When you're working with AI, how you ask questions matters just as much as the tool you're using. The prompt techniques we've covered give you practical ways to get better answers from LLMs without needing to change the models themselves.

You might find Chain-of-Thought works best when you need to break down complex math or reasoning problems. Tree-of-Thoughts can help when you're exploring multiple solution paths for puzzles or planning challenges. And when you need specialised expertise across different fields, MRKL approaches connect your questions to the right tools and knowledge.

Recent breakthroughs in Generative AI and Large Language Models have shown that even simple prompting changes can yield impressive improvements. Just adding "*Let's think step by step*" to your question can dramatically enhance the quality of responses.
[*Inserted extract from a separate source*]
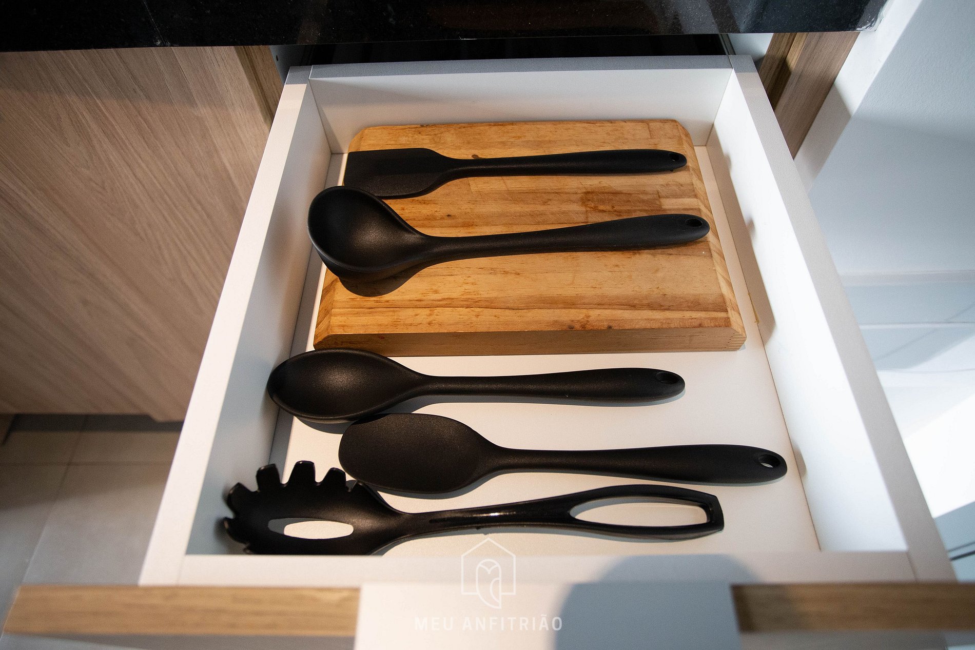 Ao entrar, o hóspede encontra uma cozinha equipada com tudo o que é necessário para uma estadia prática, incluindo geladeira, fogão cooktop, micro-ondas, cafeteira Nespresso, sanduicheira, liquidificador e outros utensílios. A varanda é fechada com portas de vidro e cortinas blackout, conta com uma cadeira de descanso e oferece uma vista agradável da cidade.

Crazy right?

As you try these approaches with your projects, you'll develop a sense for which techniques work best in different situations.

As you try these approaches with your projects, you'll develop a sense of which techniques work best in different situations. Start simple, then add more sophisticated methods when needed. Even small changes to how you phrase your questions can lead to much better results.